Beginning at the top of the data below, restate every line word for word until the line containing "在东城东莞劲胜精密组件股份有" has been included, and omit the pictures.

● ● ●

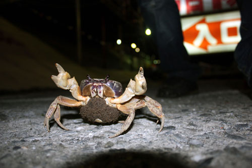 正值台湾垦丁公园陆蟹产卵高峰期,陆蟹妈妈到海边产卵须穿越马路(如图),常被来往车辆辗毙,垦丁公园管理处2010年实施缩减车道,保护陆蟹降海释卵。图片来源:“中央社”
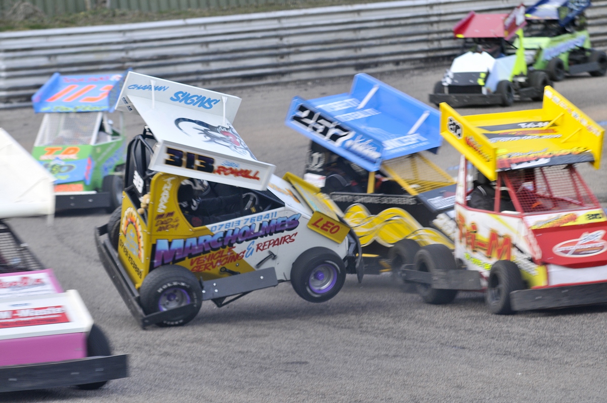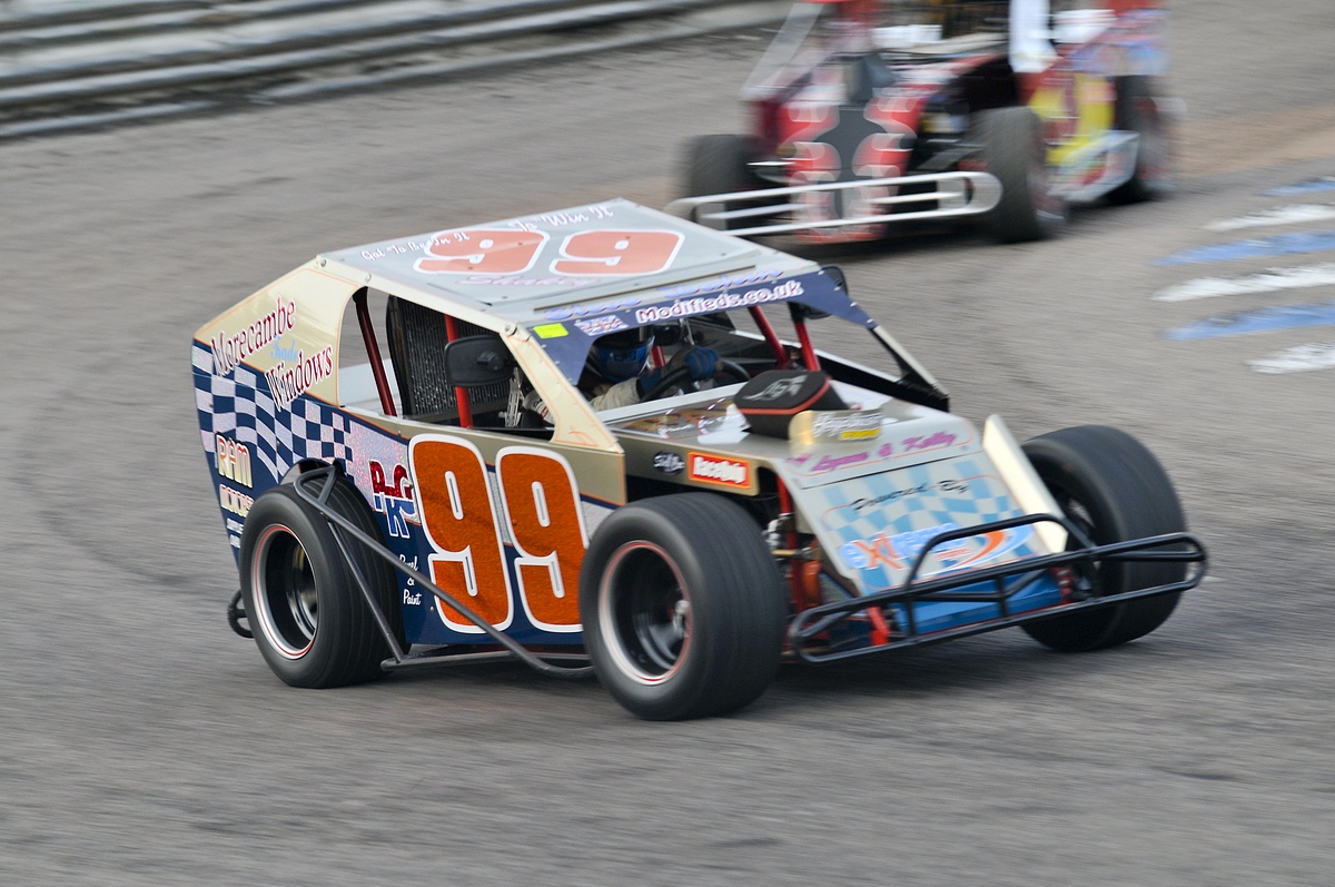 A sizeable grid of Modstox saw BriSCA F2 convert 400 David Sharp lead home his debut race in heat one, an over-exuberant attack at the start of heat two seeing him spin out as 156 Craig McInerney passed 255 Emma Alldridge to take the win after early pacesetter 751 Andy Swinfield lost a wheel. Sharp made amends in the Final as he held off McInerney and 15 James Woolley for his double.
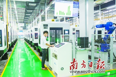 在东城东莞劲胜精密组件股份有限公司的车间里,10条生产线上180台机器正在运转,可车间里却没几个工人,这里的主角是81台机械手臂。
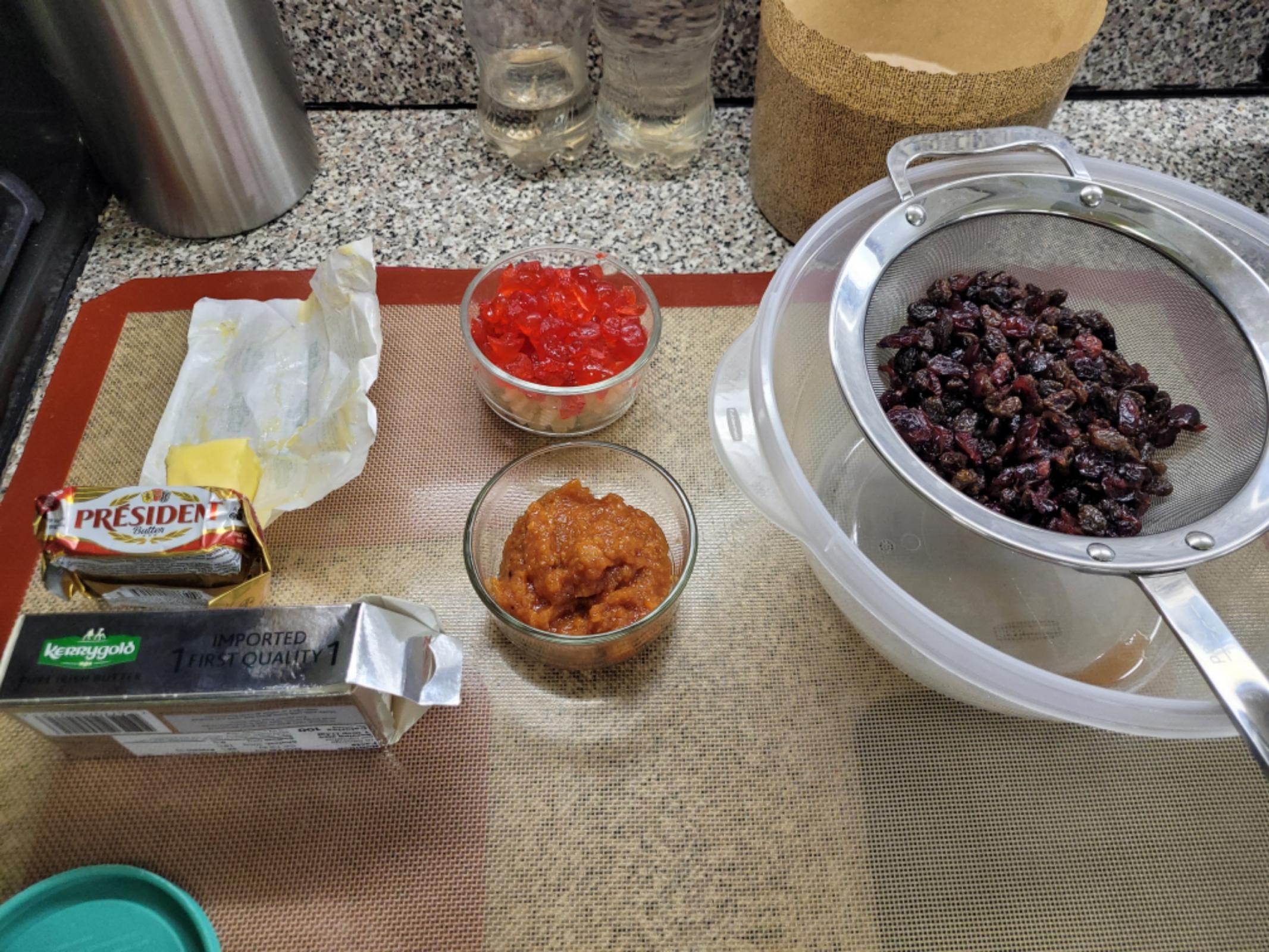 Still, hours to travel before home. The first build reached triple plus in about 5 hours. The second build is just about at the windowpane. Everything but the candied fruit is in the mix. The citrus paste I left until the dough was good and strong. It is incorporated without a hitch. This was a question mark because this was my addition to the formula. I used two different kinds of premium butter. the dough smells so good!
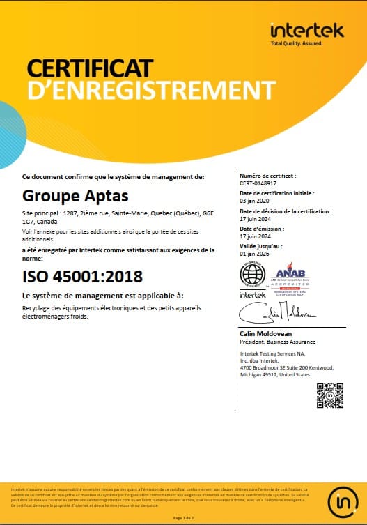 Cette division du Groupe Aptas est approuvée par le Bureau de la qualification des recycleurs de l’ARPE pour récupérer et recycler le matériel électronique et informatique désuet. À titre de rappel, l’ARPE-Québec est l’organisme mandaté par RECYC-Québec pour gérer le programme québécois de recyclage de matériel informatique et électronique.
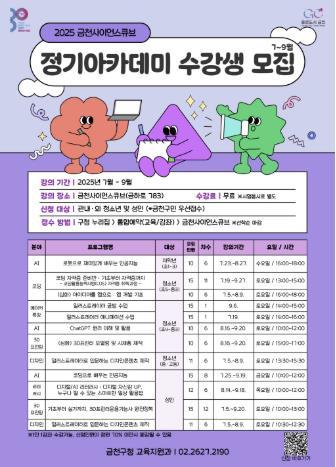 [한국제일신문, 김성옥기자] 금천구는 7월부터 9월까지 청소년과 주민을 위한 '금천사이언스큐브 정기 아카데미'를 개강한다고 밝혔다.
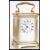 A 19th Century Victorian gilt brass cased carriage clock by Russell Ltd of Liverpool. The white enamel face having Roman numeral chapter ring with faceted hands. In leather case. 14cm high 10cm wide.
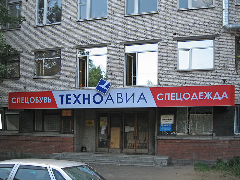 Получить пропуск на автомобиль у дежурного, (вход под вывеску "ТЕХНОАВИА"), въехать на территорию через шлагбаум, далее по прямой под двумя арками до двери с пандусом.
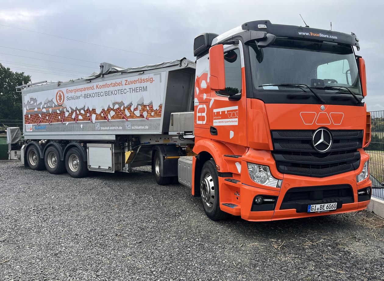 Der fällt positiv auf! Die Blaukat Estrich GmbH aus dem hessischen Fernwald hat einen ihrer Kipper im Schlüter- bzw. BEKOTEC-Design folieren lassen. Als qualifizierter BEKOTEC-SystemFachbetrieb trägt das Unternehmen die gute Zusammenarbeit zwischen Blaukat, Schlüter-Systems und der Reeh & Sohn GmbH & Co. KG in Herborn, auf deren Hausmesse der Truck seine Premiere feierte, mit dieser einzigartigen Gestaltung gut sichtbar nach außen.
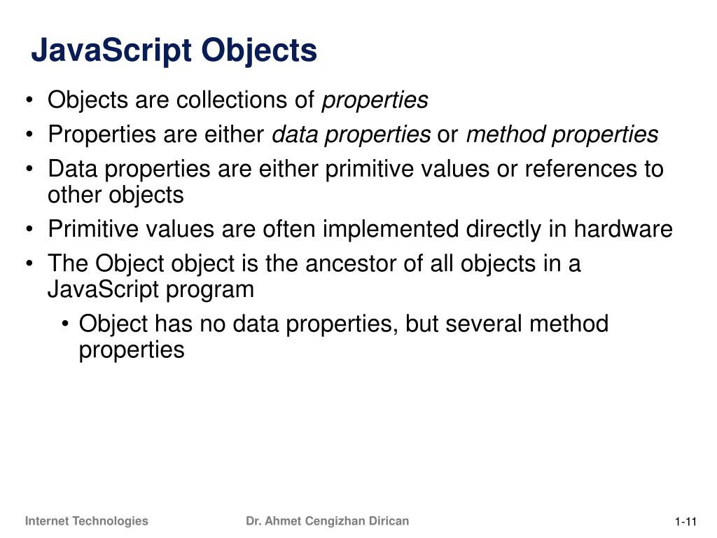 JavaScript Objects • Objects are collections of properties • Properties are either data properties or method properties • Data properties are either primitive values or references to other objects • Primitive values are often implemented directly in hardware • The Object object is the ancestor of all objects in a JavaScript program • Object has no data properties, but several method properties
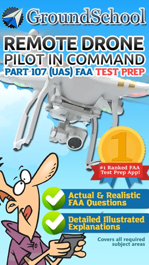 This test prep app is 100% what you need to help you pass both your initial small unmanned aerial system (sUAS/Drone) RPIC knowledge test which is now required by the new CFR 14 Part 107 FAA regulations. What's more, with its free lifetime updates, it'll also prepare you for the recurrency/recertification tests that you'll need to take down the line at no extra charge.
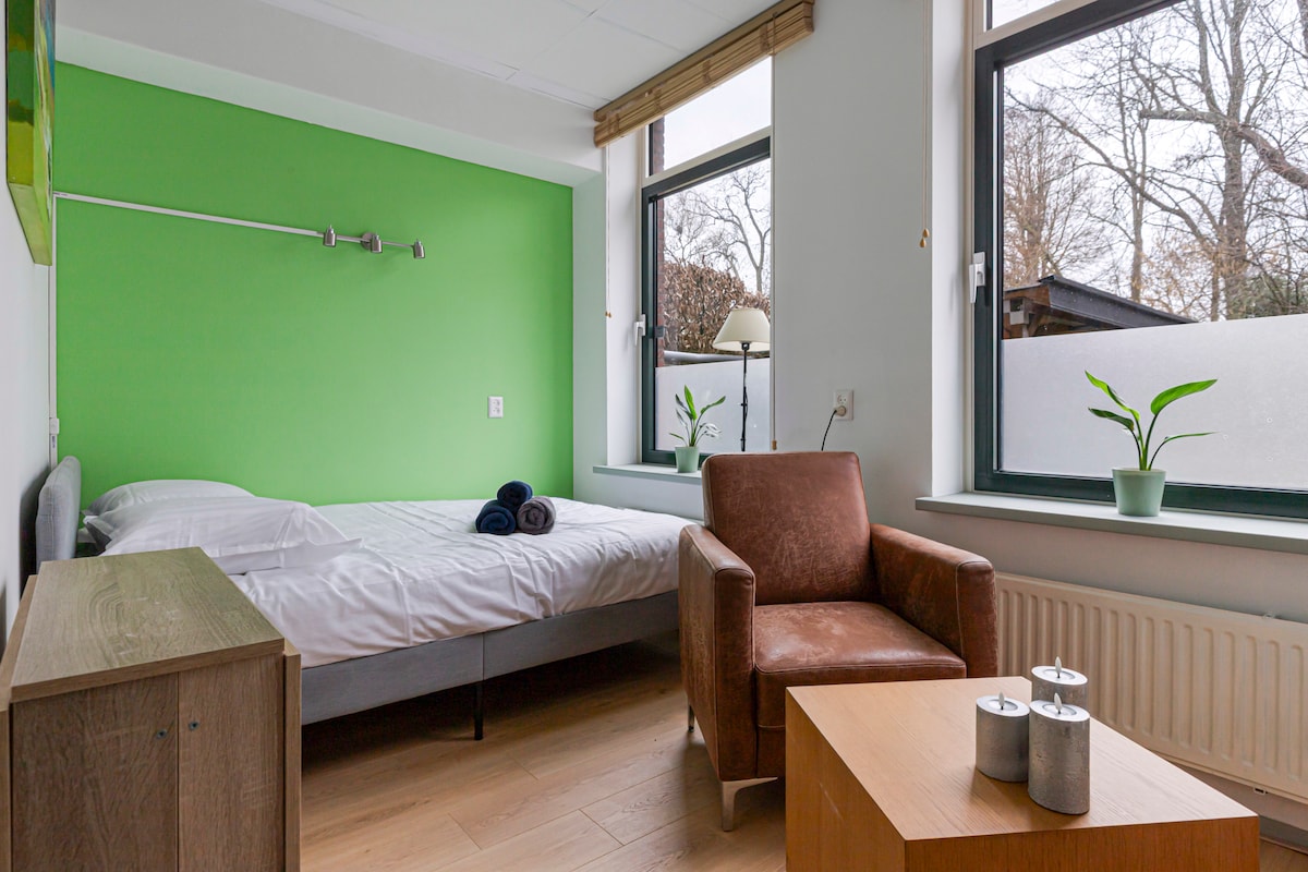 Welcome! We offer you your own entrance, bathroom and kitchen! Do you like the country side? Enjoy the peace of our spacious gardens, the lovely fireplace and our 'royal' breakfast. (€17,50 /PP) The entrance of our property is protected with a visible outdoor camera. Lekkerkerk is in the Green Hart of South-Holland. Visit the world heritage windmills of Kinderdijk or our local cheese farm on our rental bikes (€10/day) to have the ultimate Dutch experience. WIFI 58,5 /23,7 Mbps .

● ● ●

*Problem solution*
 正值台湾垦丁公园陆蟹产卵高峰期,陆蟹妈妈到海边产卵须穿越马路(如图),常被来往车辆辗毙,垦丁公园管理处2010年实施缩减车道,保护陆蟹降海释卵。图片来源:“中央社”
 A sizeable grid of Modstox saw BriSCA F2 convert 400 David Sharp lead home his debut race in heat one, an over-exuberant attack at the start of heat two seeing him spin out as 156 Craig McInerney passed 255 Emma Alldridge to take the win after early pacesetter 751 Andy Swinfield lost a wheel. Sharp made amends in the Final as he held off McInerney and 15 James Woolley for his double.
 在东城东莞劲胜精密组件股份有限公司的车间里,10条生产线上180台机器正在运转,可车间里却没几个工人,这里的主角是81台机械手臂。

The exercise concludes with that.